While we have demonstrated an association between the expression of the MHC class I molecule Mamu-A*01
and delayed disease progression in rhesus monkeys infected with SHIV-89.P, this protective effect was apparent in the setting of prior vaccination but not in that of immunologically naive animals. In the previous studies demonstrating an association between Mamu-A*01
expression and clinical protection in monkeys, immunologically naive monkeys were experimentally infected with the pathogenic virus SIVmac251, SIVsmE660, or SIVmac239 (15
). The Mamu-A*01+
monkeys demonstrated lower set point viral loads, a greater preservation of CD4+
T lymphocytes, or increased survival compared to Mamu-A*01−
monkeys. Our inability to demonstrate significant clinical differences between naive Mamu-A*01+
monkeys infected with SHIV-89.6P may be explained by the dramatic loss of CD4+
T lymphocytes that is seen within the first few weeks following SHIV-89.6P infection.
Studies of both humans and monkeys have demonstrated that robust CD4+
T-helper-cell responses generated early after infection can ameliorate disease progression, most likely due to the ability of these cells to potentiate antiviral CD8+
T-cell and B-cell immunity (11
). However, monkeys infected with SHIV-89.6P have been shown to develop a rapid and almost complete depletion of CXCR4-expressing naïve and central memory CD4+
T cells (19
). Unvaccinated monkeys that are infected with SHIV-89.6P may therefore lose the CD4+
T-cell help needed to mount efficient effector CTL responses, thereby eliminating the contribution of the Mamu-A*01
-associated CTL-associated protection. The inability of unvaccinated Mamu-A*01+
monkeys infected with SHIV-89.6P to develop robust Gag-specific cellular immune responses is consistent with this hypothesis (Fig. ). Whether there are qualitative differences in the CTL populations generated in unvaccinated and vaccinated monkeys following SHIV-89.6P infection remains to be elucidated.
A recent study demonstrated attenuated disease progression in unvaccinated Mamu-A*01+
monkeys infected with SHIV-89.6P (29
). Infected monkeys expressing Mamu-A*01
were reported to develop lower viral loads in lymphoid tissues and better preservation of lymph node architecture than monkeys that were Mamu-A*01−
. These particular parameters of disease were not assessed in the present report. While Mamu-A*01+
monkeys in that earlier study had longer survival times than Mamu-A*01−
monkeys, no significant differences in acute or chronic plasma viral RNA levels or preservation of peripheral blood CD4+
T lymphocytes were observed following infection between these two groups of animals. The discrepancy in the duration of survival of Mamu-A*01+
monkeys between the earlier and present study may reflect other contributing genetic factors.

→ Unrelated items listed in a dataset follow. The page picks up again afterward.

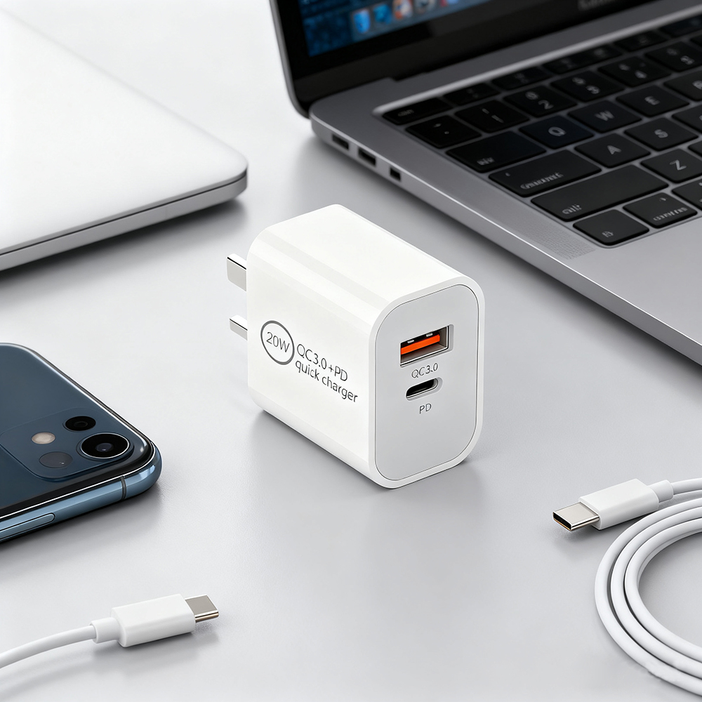 This high - performance charger is designed to meet US electrical specifications, making it perfectly compatible with power systems across the United States. It comes with two versatile output ports, namely a USB - A port and a USB - C (TYPE C) port, to cater to the charging needs of different devices.The USB - A port delivers a reliable output power of 18W, which is ideal for charging a wide range of devices such as smartphones, tablets, Bluetooth headphones, and portable speakers. It ensures a steady and efficient charging process, getting your devices powered up quickly so you can stay connected and productive.The USB - C (TYPE C) port, on the other hand, offers an even more powerful output of 20W. This port is specially designed for devices that support fast charging via USB - C, including the latest models of smartphones, tablets, and some laptops. With 20W of power, it significantly reduces charging time, allowing you to top up your devices in a short period, whether you're at home, in the office, or on the go. In addition to its excellent charging performance, this charger also offers a custom printing service. You can personalize the charger with your brand logo, company name, unique patterns, or any other design elements you desire. This not only adds a touch of individuality to the charger but also makes it a great promotional item for businesses, a memorable gift for friends and family, or a distinctive accessory for personal use.
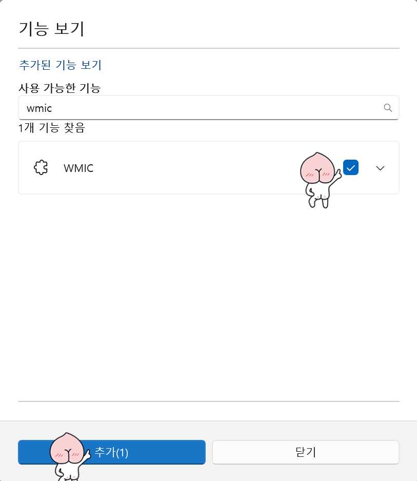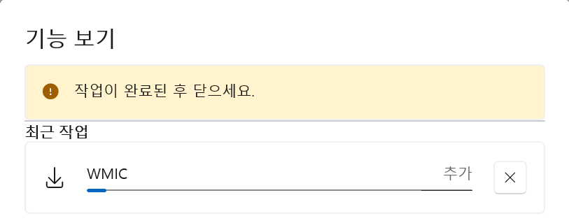 - WMIC를 검색하고 찾은 기능을 체크하여 추가를 누른다.
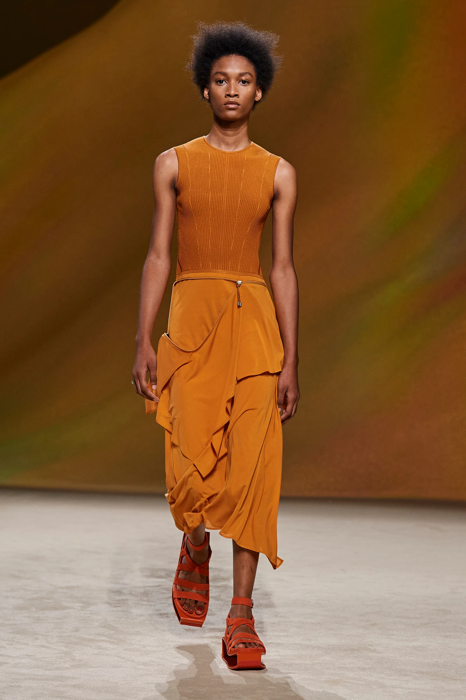 Y bien que tropezó, pero con el éxito. La mezcla de Hermès fue un wow continuado que gracias a que ha salido de su zona de confort y de su heritage ecuestre podemos decir que una nueva era se avecina para la maison. Las nylons técnicas tipo tienda de campaña, los tejidos de malla inspirados en las mosquiteras y los vestidos de seda impresos en 3D que cerraron el desfile fueron testimonio de lo que realmente hace Hermés: convertir una idea en el más alto nivel de artesanía. Aunque aún desconocemos la practicidad de todos los looks ya que seguramente no todos sean para una excursión para el desierto, pero bueno… ¡Es Hermès!
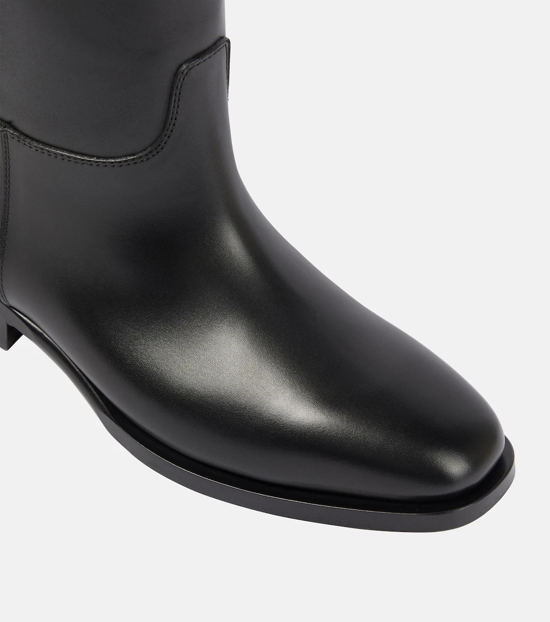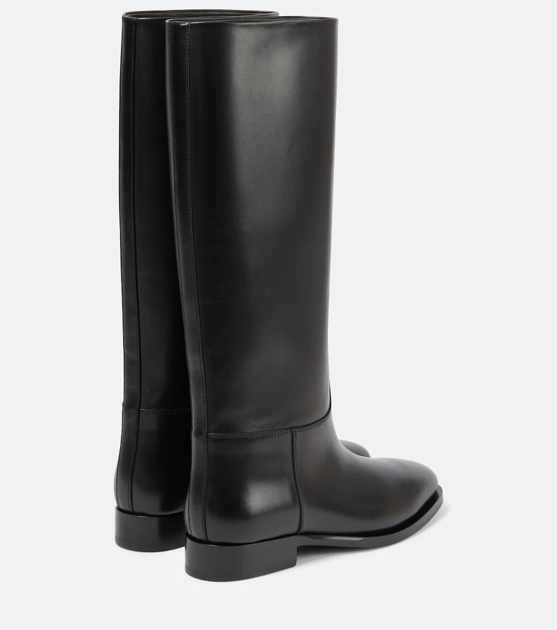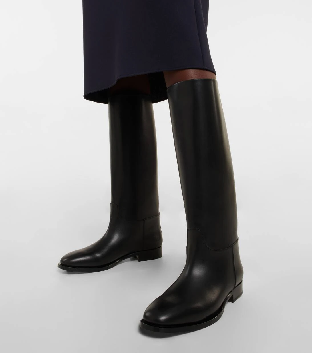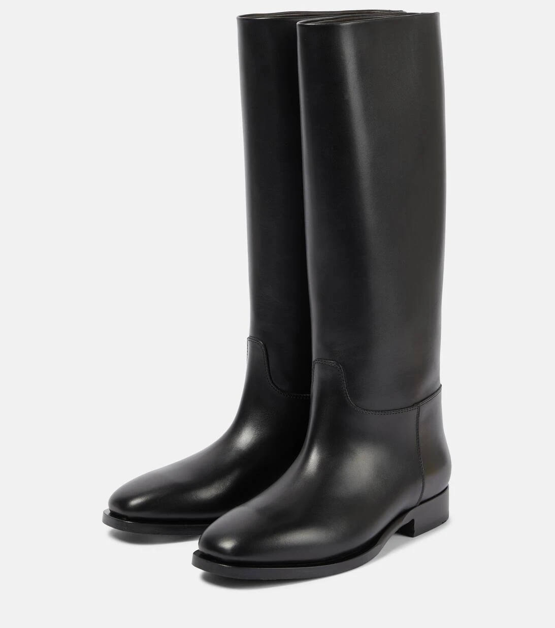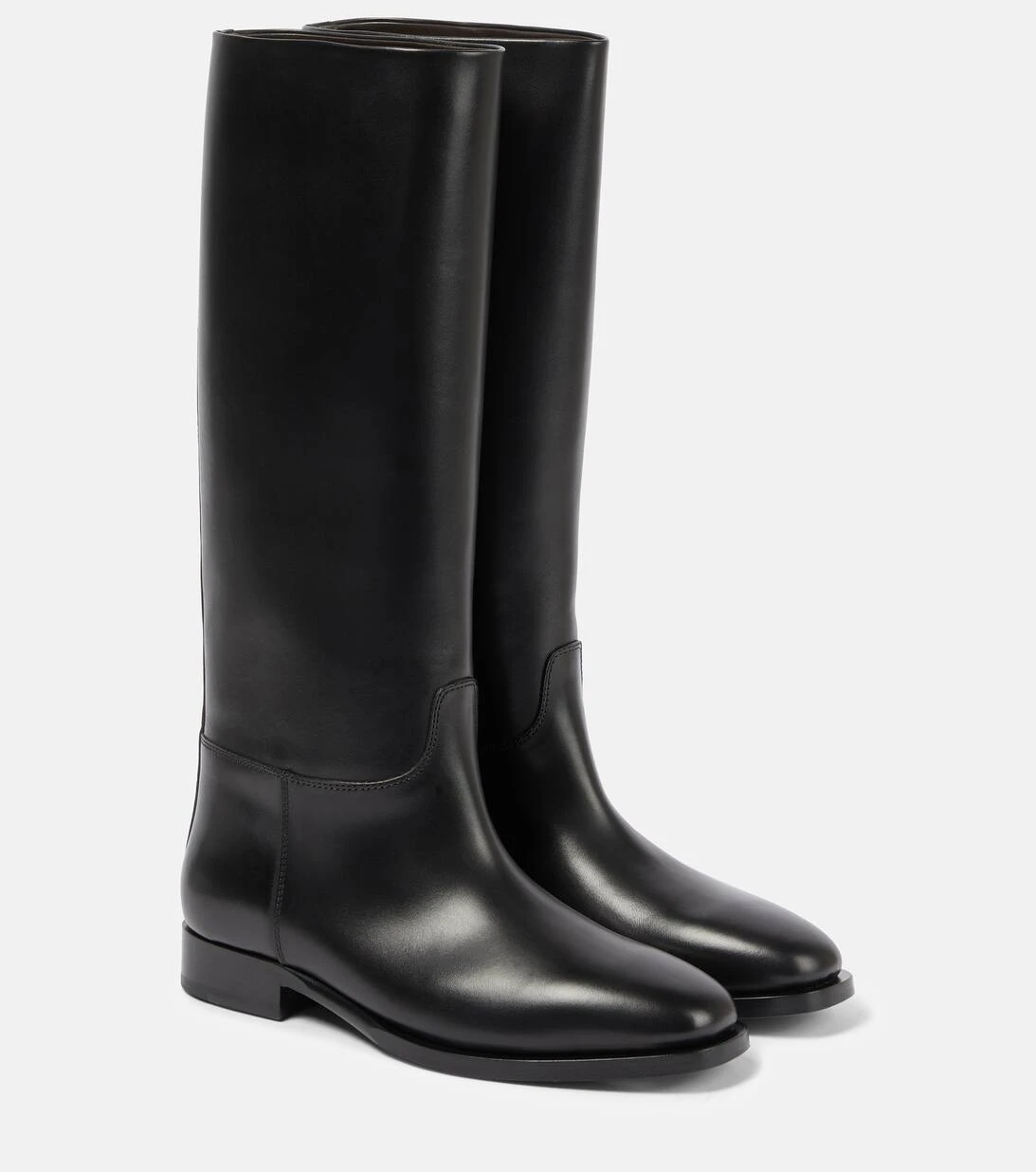 Die kniehohen Grunge-Stiefel von The Row sind vom Reiter-Stil inspiriert. Sie wurden aus poliertem Leder gefertigt und mit einem niedrigen Blockabsatz versehen.
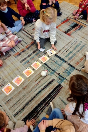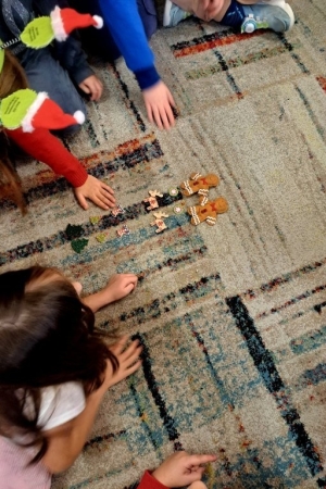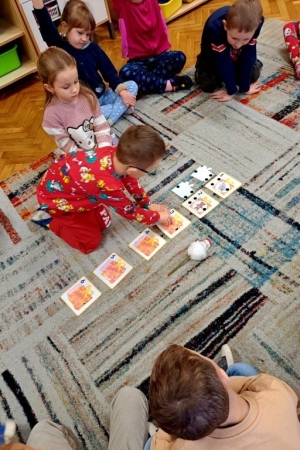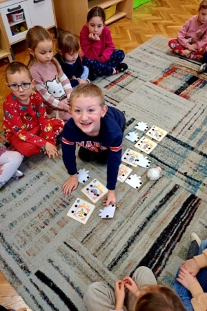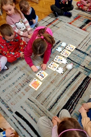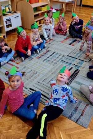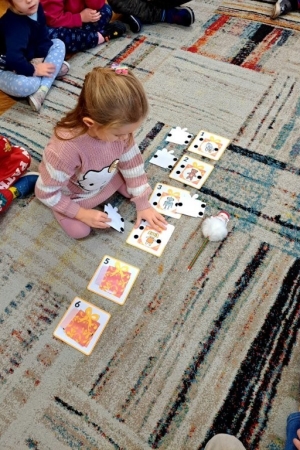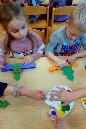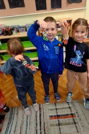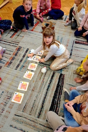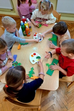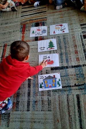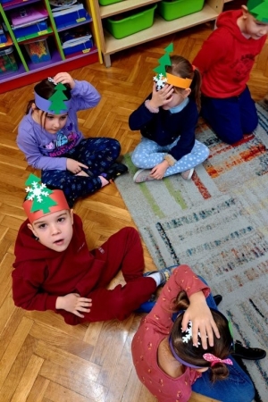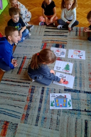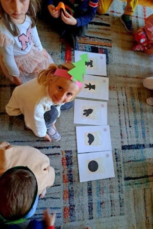 Następnie utrwalali słówka w czasie zabawy: "Jaki to prezent?" - zabawa z rymowanką i odkrywanie, co znajduje się w poszczególnych prezentach: lalka, samolot, piłka, rakieta, miś. Wszystkie liski tańczyły przy piosence "Dancing Christmas Tree" z sylwetą choinki. Ulubioną zabawą wszystkich dzieci było: "Jaki to cień?" - oświetlanie wybranej karty latarką i odgadywanie, co pokazuje cień znajdujący się w prezencie. Na zakończenie zajęć wszystkie dzieci tańczyły z płatkami śniegu przy piosence "Little Snowflake". Podsumowaniem świątecznych zabaw było stworzenie małej książeczki „Christmas”.
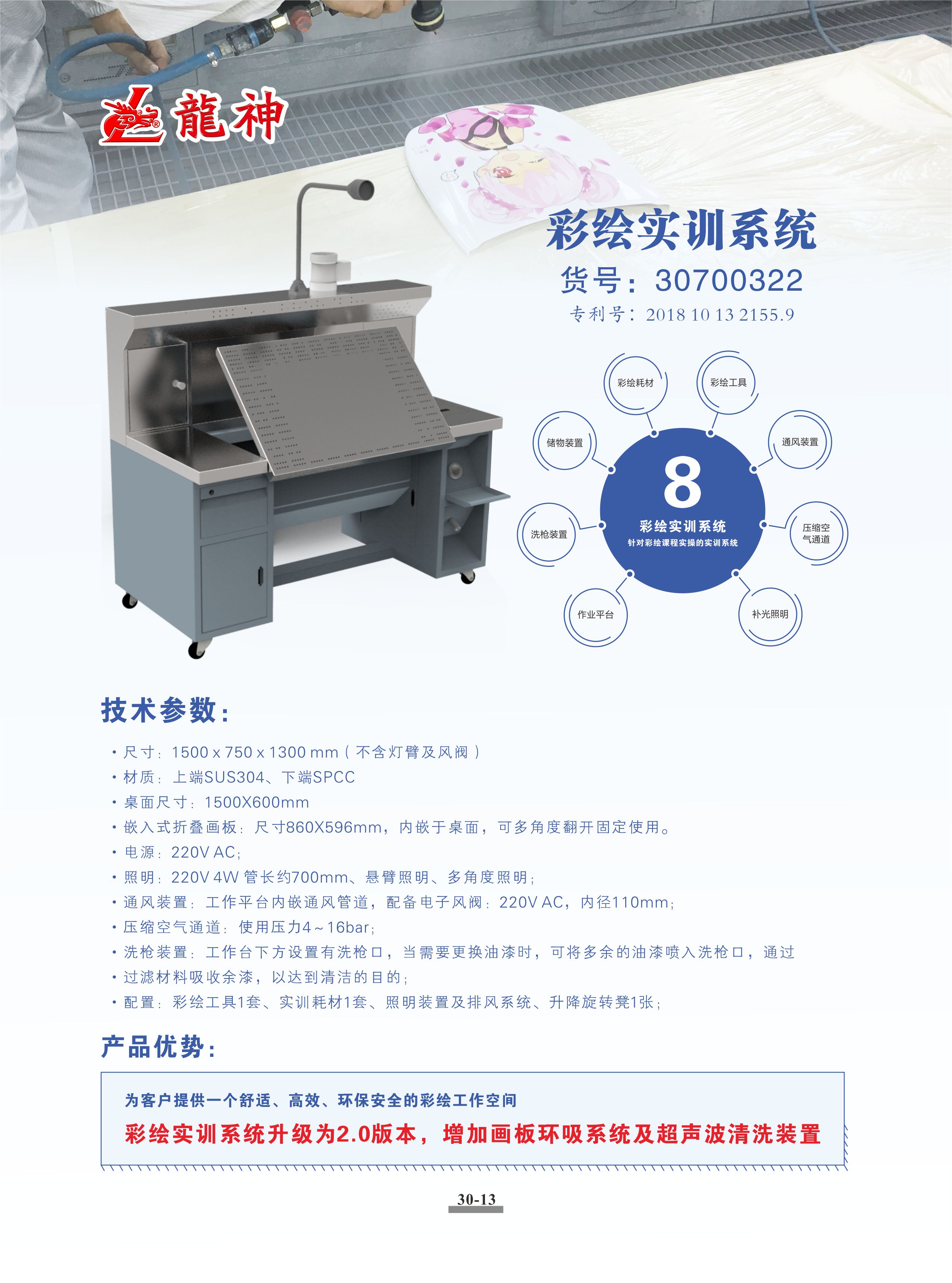 彩繪實訓系統(tǒng)是綜合了彩繪工具、彩繪耗材、儲物裝置、洗槍裝置、作業(yè)平臺、補光照明、壓縮空氣通道及通風裝置的,針對彩繪課程實操的實訓系統(tǒng)。為客戶提供一個舒適、高效、環(huán)保安全的彩繪工作空間。

Following SHIV-89.6P infection, robust cellular immune responses were observed for all monkeys that had previously received experimental vaccines. The populations of virus-specific T cells that expanded in the vaccinated monkeys following infection likely contributed to a partial containment of viral replication and an associated blunting of the CD4+ T-cell loss during the first days after infection. Interestingly, the peak Gag-specific cellular immune responses elicited in Mamu-A*01+ and Mamu-A*01− monkeys following both the DNA prime and recombinant poxvirus or rAd boost immunizations were of similar frequencies. However, in the DNA prime/rAd boost-immunized monkeys, but not in the DNA prime/recombinant poxvirus-boosted monkeys, higher-frequency Gag-specific responses were detected in Mamu-A*01+ than in Mamu-A*01− monkeys on the day of challenge, 16 weeks following the last immunization. Whether rAd and recombinant poxvirus vectors differ in their abilities to generate long-lived CTL populations when utilized as vaccine-boosting modalities warrants evaluation. Following viral challenge, the Mamu-A*01+ monkeys in both vaccine studies generated significantly higher-frequency Gag-specific T-cell responses. Most or all of this differential in T-cell responses could be attributed to p11C-specific CTL. The fact that cellular immune responses to 89.6P Env were of similar magnitudes in vaccinated Mamu-A*01+ and Mamu-A*01− monkeys following infection (Fig. ) further suggests that the dominant CTL response to the p11C epitope provided the incremental protection observed in Mamu-A*01+ monkeys. Even the immunodominant Gag-specific CTL responses elicited in immunized Mamu-A*02+ monkeys were lower in frequency than the Mamu-A*01−-restricted p11C responses following challenge. These data suggest that Mamu-A*01+ monkeys may have a significant advantage in generating effective populations of T cells that can then expand rapidly following reexposure to antigen.